Add goroutine core affinity support for RP2040/RP2350 systems #5092

amken3d · 2025-11-16T23:00:25Z

This PR proposes

Support for CPU core pinning and affinity for tasks and goroutines.
Updated the scheduler to respect affinity constraints with separate queues for pinned and shared tasks.
Added new runtime API functions LockToCore, UnlockFromCore, GetAffinity, and CurrentCPU.
Example program demonstrates core pinning and unpinned execution behavior.

API Functions

`runtime.NumCPU() int`

Returns the number of CPU cores available (returns 2 on RP2040/RP2350).

`runtime.CurrentCPU() int`

Returns the current CPU core number (0 or 1).

`runtime.LockToCore(core int)`

Pins the current goroutine to the specified core:

core = 0 - Pin to core 0
core = 1 - Pin to core 1
core = -1 - Unpin (allow running on any core)

Panics if core is invalid (not -1, 0, or 1).

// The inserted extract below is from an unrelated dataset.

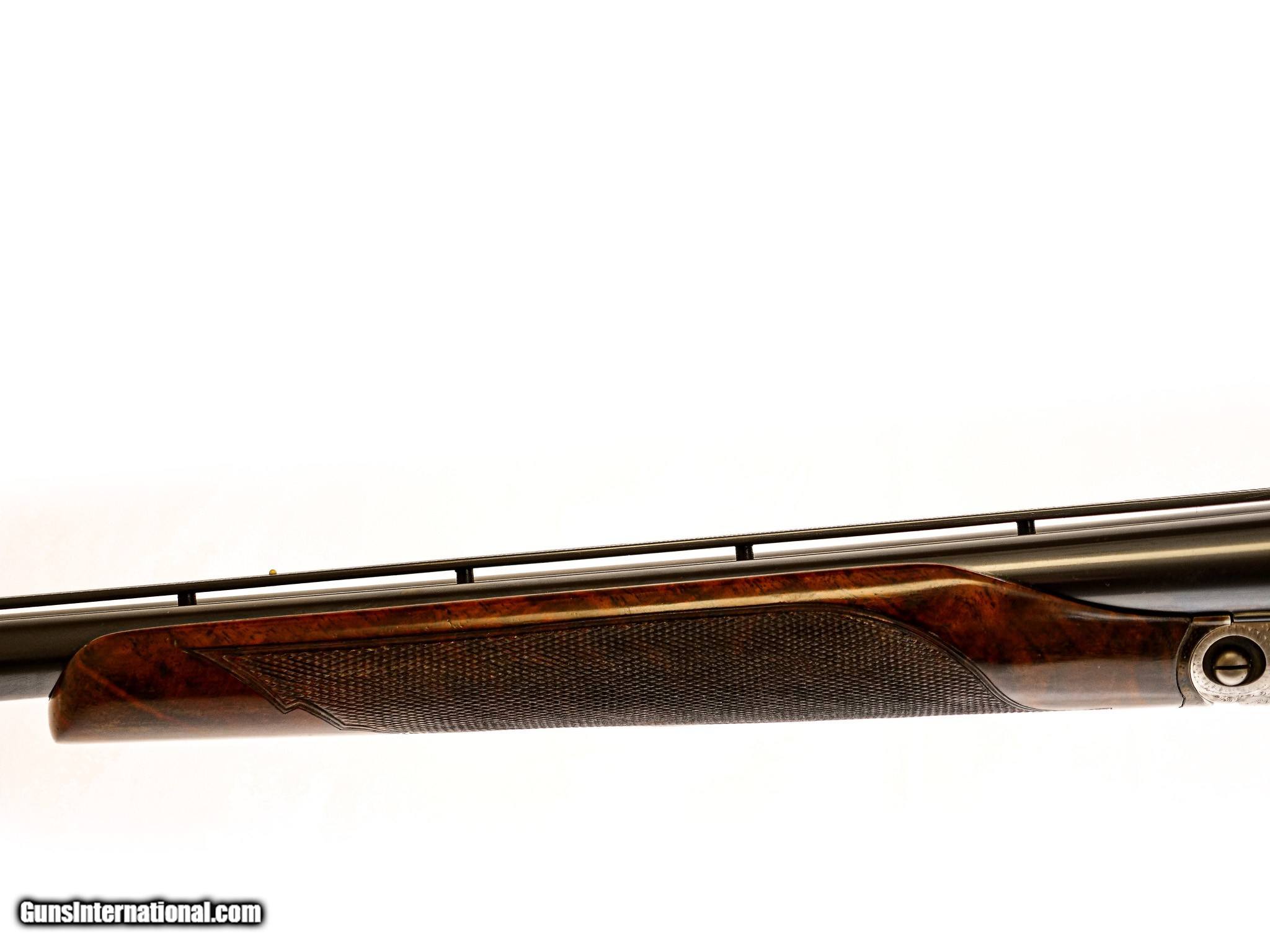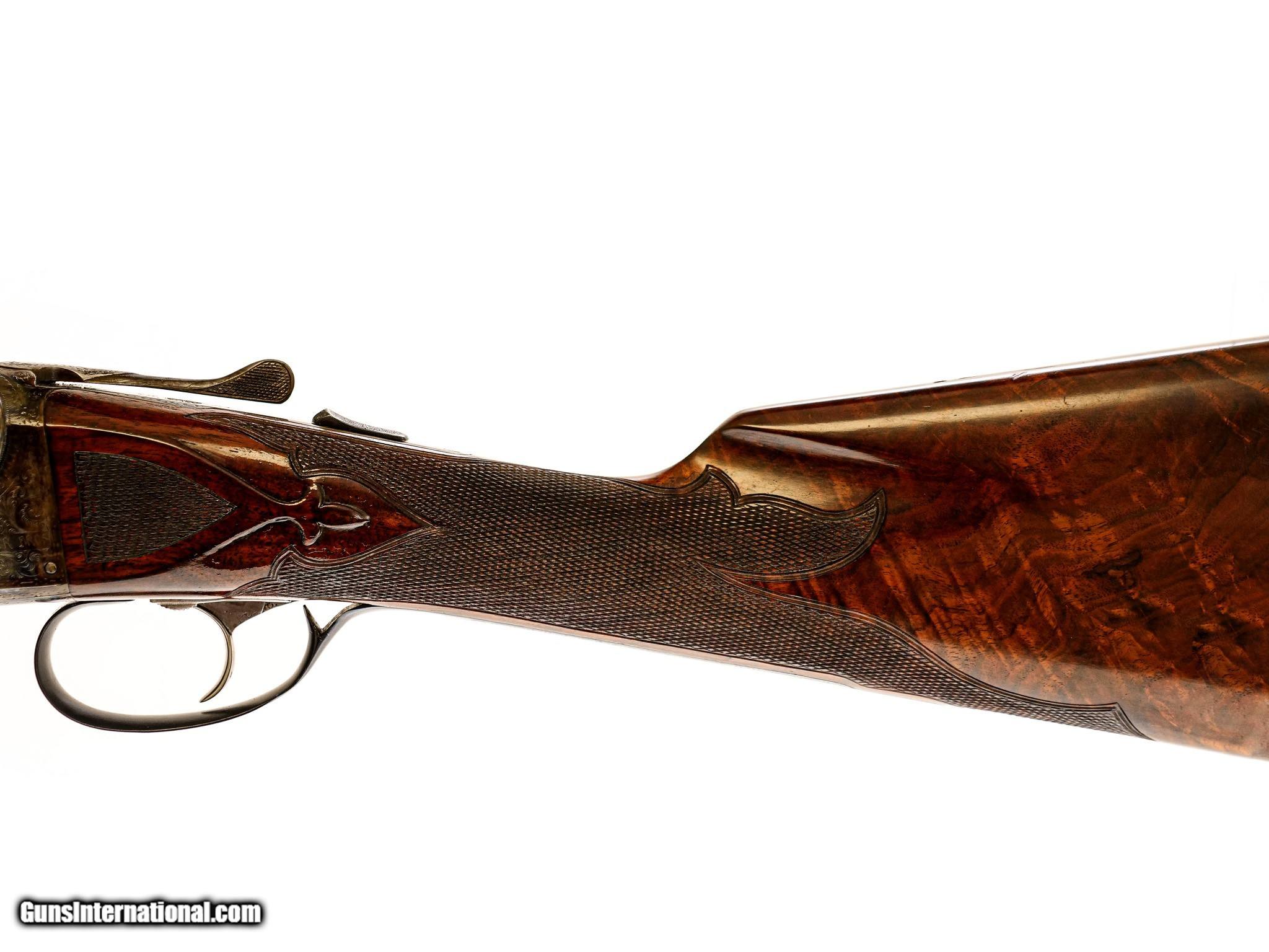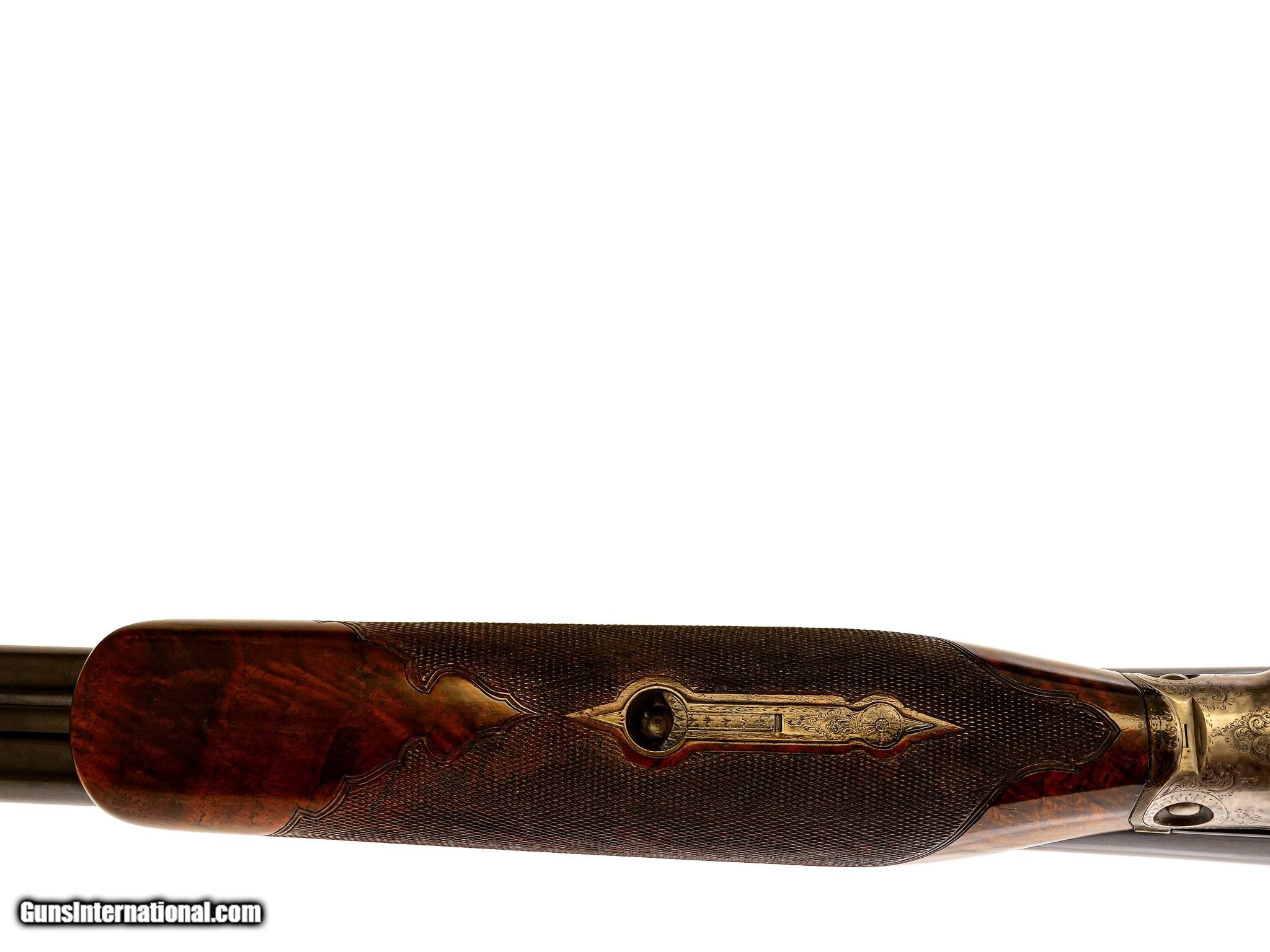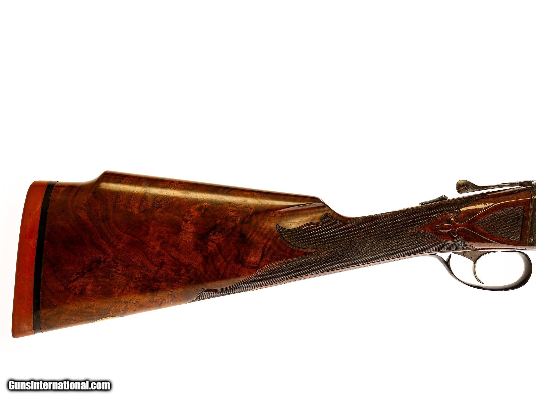 Description: Parker - BHE Grade, SxS, 12ga. 30" Barrels Choked M/F. Highly figured walnut straight grip Monte Carlo stock, period red recoil pad, beavertail forend with scalloped lug, factory ventilated rib, strong 75% case coloring, single selective trigger, automatic ejectors, gold oval, extremely clean gun and a super rare configuration, 232,xxx serial number Inv: 52230 8 lbs. 3 oz. 14 ¼” x 1 ¼” x 2" Monte Carlo $18,999.00 SOLD |

`runtime.UnlockFromCore()`

Unpins the current goroutine, allowing it to run on any core.
Equivalent to runtime.LockToCore(-1).

`runtime.GetAffinity() int`

Returns the current goroutine's CPU affinity:

Returns -1 if not pinned (can run on any core)
Returns 0 or 1 if pinned to that specific core

Example program included in the examples directory

Tested on both pico and pico2
Output of example program

=== Core Pinning Example ===                                             
Number of CPU cores: 2                                                   
Main starting on core: 0                                                 
                                                                         
Main pinned to core: 0

Core 0 (main): 0 on CPU 0
Worker pinned to core: 1
  Core 1 (worker): 0 on CPU 0
Unpinned worker starting, affinity: 0
    Unpinned worker: 0 on CPU 0
Core 0 (main): 1 on CPU 0
    Unpinned worker: 1 on CPU 0
Core 0 (main): 2 on CPU 0
  Core 1 (worker): 2 on CPU 1
    Unpinned worker: 2 on CPU 0                                                 
Core 0 (main): 3 on CPU 0                                                       
  Core 1 (worker): 3 onCPU 1                                                    
Core 0 (main): 4 on CPU 0                                                       
  Core 1 (worker): 4 on CPU 1                                                   
    Unpinned worker: 3 on CPU 0                                                 
Core 0 (main): 5 on CPU 0                                                       
  Core 1 (worker): 5 on CPU 1                                                   
    Unpinned worker: 4 on CPU 0                                                 
Core 0 (main): 6 on CPU 0                                                       
  Core 1 (worker): 6 on CPU 1                                                   
Core 0 (main): 7 on CPU 0                                                       
  Core 1 (worker): 7 on CPU 1                                                   
    Unpinned worker: 5 on CPU 0                                                 
Core 0 (main): 8 on CPU 0                                                       
  Core 1 (worker): 8 on CPU 1                                                   
    Unpinned worker: 6 on CPU 0                                                 
Core 0 (main): 9 on CPU 0                                                       
  Core 1 (worker): 9 on CPU 1                                                   
    Unpinned worker: 7 on CPU 0                                                 
                                                                                
Main unpinned, affinity: -1                                                     
Unpinned main on CPU 0                                                          
  Core 1 worker finished                                                        
Unpinned main on CPU 0                                                          
    Unpinned worker: 8 on CPU 0                                                 
Unpinned main on CPU 0                                                          
    Unpinned worker: 9 on CPU 0                                                 
Unpinned main on CPU 0                                                          
Unpinned main on CPU 1                                                          
    Unpinned worker finished                                                    
                                                                                
Example complte!

- Introduced support for CPU core pinning and affinity for tasks and goroutines. - Updated the scheduler to respect affinity constraints with separate queues for pinned and shared tasks. - Added new runtime API functions `LockToCore`, `UnlockFromCore`, `GetAffinity`, and `CurrentCPU`. - Example program demonstrates core pinning and unpinned execution behavior.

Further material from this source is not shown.